Speaker
Description
Variational Quantum Recurrent Neural Networks (QRNNs) offer a promising approach to time series forecasting on quantum hardware. However, despite encouraging simulation results, physical deployment faces three critical challenges: trainability issues caused by barren plateaus and hardware noise; high execution overhead when computing analytical gradients via parameter-shift rules; and mid-circuit measurements that introduce severe latency and thermal decoherence. While distributed multi-QPU systems with fast, high-fidelity gates and measurements could alleviate these bottlenecks, such hardware environments remain largely unavailable.
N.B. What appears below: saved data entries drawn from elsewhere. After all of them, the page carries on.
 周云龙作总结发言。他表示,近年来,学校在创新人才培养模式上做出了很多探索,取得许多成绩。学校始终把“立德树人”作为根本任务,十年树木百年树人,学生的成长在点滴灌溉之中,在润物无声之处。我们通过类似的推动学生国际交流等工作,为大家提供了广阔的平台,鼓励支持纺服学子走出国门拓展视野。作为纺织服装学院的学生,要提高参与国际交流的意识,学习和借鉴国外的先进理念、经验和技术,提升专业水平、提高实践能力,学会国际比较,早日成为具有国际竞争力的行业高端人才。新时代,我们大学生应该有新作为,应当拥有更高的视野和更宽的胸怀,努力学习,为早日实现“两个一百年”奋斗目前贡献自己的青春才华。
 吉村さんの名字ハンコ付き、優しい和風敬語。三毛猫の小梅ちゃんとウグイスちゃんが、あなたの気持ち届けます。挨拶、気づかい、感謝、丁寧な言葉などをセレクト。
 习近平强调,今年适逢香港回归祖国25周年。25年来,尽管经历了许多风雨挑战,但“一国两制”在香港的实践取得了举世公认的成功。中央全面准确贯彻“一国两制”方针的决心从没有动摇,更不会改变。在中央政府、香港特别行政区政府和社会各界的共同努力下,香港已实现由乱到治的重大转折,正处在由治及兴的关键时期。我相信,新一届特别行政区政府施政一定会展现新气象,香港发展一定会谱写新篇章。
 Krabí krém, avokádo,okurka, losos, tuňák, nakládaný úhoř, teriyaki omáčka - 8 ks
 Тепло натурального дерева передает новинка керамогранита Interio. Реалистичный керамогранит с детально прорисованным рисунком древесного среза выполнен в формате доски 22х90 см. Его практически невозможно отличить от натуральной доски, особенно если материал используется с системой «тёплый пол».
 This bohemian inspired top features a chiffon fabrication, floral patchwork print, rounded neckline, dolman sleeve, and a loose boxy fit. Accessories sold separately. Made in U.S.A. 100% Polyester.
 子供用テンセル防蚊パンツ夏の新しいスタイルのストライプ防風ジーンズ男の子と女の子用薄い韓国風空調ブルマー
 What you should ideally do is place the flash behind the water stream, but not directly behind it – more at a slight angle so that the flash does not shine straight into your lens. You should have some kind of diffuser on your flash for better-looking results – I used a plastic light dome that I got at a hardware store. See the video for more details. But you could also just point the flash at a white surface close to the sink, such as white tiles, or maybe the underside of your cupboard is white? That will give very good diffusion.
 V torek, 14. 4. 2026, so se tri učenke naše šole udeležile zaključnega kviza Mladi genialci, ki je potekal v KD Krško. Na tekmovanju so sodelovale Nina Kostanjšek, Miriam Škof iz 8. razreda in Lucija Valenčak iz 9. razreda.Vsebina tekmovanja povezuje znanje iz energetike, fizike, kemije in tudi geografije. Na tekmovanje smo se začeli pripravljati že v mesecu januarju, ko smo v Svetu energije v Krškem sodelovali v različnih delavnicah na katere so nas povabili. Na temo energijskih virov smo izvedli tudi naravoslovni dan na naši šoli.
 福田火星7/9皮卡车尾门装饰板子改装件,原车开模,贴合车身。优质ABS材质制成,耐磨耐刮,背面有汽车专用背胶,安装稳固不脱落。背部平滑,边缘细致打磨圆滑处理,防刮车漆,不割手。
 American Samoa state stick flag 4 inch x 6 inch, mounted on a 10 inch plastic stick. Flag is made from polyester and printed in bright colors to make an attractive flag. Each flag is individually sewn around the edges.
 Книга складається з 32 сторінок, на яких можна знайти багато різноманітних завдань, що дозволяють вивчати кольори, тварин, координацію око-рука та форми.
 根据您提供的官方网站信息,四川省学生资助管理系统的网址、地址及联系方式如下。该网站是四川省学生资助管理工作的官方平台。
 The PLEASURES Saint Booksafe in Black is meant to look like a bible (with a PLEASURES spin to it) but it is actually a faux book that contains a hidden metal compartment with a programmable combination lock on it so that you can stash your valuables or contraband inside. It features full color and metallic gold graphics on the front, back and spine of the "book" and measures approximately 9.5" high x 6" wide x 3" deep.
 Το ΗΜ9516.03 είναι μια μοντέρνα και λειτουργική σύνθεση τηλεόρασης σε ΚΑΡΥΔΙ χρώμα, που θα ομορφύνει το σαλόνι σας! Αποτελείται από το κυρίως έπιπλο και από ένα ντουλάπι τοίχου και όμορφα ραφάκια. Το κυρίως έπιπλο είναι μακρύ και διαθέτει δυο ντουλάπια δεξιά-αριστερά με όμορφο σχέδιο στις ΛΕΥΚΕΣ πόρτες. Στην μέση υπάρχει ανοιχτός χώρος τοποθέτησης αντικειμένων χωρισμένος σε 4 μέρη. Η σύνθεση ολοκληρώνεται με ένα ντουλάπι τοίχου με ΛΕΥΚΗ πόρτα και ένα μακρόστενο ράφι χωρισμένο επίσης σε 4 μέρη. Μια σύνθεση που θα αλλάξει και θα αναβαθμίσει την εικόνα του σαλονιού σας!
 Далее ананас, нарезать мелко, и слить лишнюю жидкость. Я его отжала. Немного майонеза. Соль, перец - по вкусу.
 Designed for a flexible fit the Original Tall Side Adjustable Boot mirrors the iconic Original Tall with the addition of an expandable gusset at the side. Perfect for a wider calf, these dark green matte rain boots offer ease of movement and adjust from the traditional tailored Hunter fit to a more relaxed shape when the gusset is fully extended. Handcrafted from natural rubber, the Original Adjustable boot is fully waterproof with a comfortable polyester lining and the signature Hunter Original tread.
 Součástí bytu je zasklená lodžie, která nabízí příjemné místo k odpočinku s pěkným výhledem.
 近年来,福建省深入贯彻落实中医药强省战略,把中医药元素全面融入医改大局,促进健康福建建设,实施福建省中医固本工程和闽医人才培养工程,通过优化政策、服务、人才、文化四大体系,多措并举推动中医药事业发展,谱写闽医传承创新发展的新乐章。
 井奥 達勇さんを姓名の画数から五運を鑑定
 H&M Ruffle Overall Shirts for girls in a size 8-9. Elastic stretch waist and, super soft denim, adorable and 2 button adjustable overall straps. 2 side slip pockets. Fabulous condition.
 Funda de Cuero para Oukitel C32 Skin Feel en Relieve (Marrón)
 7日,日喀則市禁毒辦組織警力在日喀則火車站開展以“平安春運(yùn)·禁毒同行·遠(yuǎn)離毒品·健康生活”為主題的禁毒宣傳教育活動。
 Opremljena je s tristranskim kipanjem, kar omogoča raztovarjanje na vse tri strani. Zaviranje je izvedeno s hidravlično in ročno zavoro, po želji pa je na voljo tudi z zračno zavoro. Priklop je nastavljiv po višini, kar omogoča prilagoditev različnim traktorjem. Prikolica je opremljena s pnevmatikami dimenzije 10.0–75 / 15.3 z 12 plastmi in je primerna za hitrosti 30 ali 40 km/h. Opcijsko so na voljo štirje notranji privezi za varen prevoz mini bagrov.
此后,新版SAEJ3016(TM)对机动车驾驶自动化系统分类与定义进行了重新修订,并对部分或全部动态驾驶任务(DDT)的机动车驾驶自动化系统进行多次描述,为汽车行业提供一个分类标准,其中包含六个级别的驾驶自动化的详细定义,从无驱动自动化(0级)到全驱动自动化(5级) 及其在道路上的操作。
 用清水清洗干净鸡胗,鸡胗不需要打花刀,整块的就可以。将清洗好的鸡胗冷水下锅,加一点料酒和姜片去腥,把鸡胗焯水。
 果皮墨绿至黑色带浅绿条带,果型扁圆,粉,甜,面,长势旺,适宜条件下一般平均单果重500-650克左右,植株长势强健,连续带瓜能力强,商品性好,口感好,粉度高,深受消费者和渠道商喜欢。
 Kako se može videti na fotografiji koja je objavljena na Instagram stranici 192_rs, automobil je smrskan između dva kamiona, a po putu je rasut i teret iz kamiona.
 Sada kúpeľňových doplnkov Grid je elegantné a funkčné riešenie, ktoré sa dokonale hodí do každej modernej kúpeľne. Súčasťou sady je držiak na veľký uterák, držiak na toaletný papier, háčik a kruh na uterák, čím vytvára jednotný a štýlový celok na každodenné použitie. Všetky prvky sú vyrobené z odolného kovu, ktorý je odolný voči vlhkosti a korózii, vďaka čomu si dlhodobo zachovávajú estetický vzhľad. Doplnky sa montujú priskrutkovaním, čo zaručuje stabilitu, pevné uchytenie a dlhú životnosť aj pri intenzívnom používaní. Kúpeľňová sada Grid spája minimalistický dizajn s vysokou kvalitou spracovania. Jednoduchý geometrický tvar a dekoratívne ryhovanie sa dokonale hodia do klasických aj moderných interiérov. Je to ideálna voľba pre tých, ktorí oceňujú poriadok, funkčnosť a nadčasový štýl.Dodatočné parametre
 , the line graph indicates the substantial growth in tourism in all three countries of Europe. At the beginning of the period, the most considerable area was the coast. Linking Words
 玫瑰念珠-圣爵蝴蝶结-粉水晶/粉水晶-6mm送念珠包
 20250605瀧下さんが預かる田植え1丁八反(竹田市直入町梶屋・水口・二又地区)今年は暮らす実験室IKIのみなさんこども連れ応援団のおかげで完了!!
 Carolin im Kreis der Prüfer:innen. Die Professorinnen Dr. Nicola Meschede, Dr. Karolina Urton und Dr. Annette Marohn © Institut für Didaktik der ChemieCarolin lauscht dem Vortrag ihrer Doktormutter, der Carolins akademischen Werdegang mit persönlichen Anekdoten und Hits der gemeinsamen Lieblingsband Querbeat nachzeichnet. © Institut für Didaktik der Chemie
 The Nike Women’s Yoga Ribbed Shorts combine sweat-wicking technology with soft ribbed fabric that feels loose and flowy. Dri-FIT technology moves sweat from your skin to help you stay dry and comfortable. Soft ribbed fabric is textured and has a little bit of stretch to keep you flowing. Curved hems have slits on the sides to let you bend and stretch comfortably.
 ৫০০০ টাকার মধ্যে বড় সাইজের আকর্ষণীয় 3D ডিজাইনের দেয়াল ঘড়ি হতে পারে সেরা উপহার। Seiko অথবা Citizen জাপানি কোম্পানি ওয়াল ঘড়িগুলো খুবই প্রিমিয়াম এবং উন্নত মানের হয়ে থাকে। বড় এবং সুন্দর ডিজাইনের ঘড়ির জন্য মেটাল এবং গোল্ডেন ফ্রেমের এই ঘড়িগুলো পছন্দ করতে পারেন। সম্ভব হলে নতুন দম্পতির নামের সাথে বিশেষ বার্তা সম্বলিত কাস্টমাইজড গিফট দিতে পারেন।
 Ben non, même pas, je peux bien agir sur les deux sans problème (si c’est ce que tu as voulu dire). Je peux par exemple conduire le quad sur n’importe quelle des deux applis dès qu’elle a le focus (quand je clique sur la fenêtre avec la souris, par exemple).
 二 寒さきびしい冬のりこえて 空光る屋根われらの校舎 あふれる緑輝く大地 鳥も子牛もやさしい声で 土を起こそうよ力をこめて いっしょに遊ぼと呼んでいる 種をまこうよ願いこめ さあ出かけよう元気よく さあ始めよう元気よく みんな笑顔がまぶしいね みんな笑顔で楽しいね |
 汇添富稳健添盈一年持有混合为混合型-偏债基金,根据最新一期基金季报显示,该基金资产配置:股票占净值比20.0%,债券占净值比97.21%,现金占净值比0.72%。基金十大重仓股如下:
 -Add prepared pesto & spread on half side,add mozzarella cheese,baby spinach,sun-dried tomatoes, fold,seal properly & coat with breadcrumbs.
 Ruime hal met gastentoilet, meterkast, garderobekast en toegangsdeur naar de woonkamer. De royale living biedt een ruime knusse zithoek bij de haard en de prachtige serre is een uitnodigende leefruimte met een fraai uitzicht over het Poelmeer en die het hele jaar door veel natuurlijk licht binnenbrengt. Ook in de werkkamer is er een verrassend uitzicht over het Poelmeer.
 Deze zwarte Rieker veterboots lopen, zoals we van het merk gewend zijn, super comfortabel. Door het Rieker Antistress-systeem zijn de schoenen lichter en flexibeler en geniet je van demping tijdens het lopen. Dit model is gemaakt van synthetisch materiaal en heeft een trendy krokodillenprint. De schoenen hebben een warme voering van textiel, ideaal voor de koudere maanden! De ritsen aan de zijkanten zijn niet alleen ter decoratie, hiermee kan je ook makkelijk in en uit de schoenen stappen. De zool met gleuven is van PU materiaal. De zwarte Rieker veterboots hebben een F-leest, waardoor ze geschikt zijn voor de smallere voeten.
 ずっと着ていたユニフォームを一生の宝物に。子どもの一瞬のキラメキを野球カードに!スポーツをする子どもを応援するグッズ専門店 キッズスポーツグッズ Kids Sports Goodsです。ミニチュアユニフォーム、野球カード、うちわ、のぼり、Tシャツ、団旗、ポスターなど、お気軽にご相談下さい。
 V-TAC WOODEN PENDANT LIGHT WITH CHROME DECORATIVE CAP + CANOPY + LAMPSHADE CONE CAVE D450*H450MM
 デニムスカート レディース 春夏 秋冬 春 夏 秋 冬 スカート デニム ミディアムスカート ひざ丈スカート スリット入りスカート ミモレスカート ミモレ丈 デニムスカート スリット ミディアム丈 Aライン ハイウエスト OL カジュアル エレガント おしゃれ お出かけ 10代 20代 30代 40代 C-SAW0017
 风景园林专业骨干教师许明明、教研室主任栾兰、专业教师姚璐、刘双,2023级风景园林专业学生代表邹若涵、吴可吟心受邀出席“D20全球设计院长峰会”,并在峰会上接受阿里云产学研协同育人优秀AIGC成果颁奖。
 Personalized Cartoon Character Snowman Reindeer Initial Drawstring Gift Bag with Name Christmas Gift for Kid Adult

To circumvent these limitations on current hardware, we propose QPU partitioning as an immediate, single-chip solution for training QRNNs. By executing independent logical circuits in parallel on a single physical QPU, each one in a subset of its qubits, we exploit the uniform structure of parameter-shift gradient evaluations, where parallel circuits share similar execution times and allow trivial scheduling. We evaluate this approach by comparing gradient accuracy and execution times across ideal density-matrix simulations, unpartitioned QPU deployments, and partitioned QPU runs with and without dynamical decoupling. Using distance metrics to compare the output probability distributions, we demonstrate that QPU partitioning is both feasible on existing quantum devices and significantly reduces training time for variational QRNNs.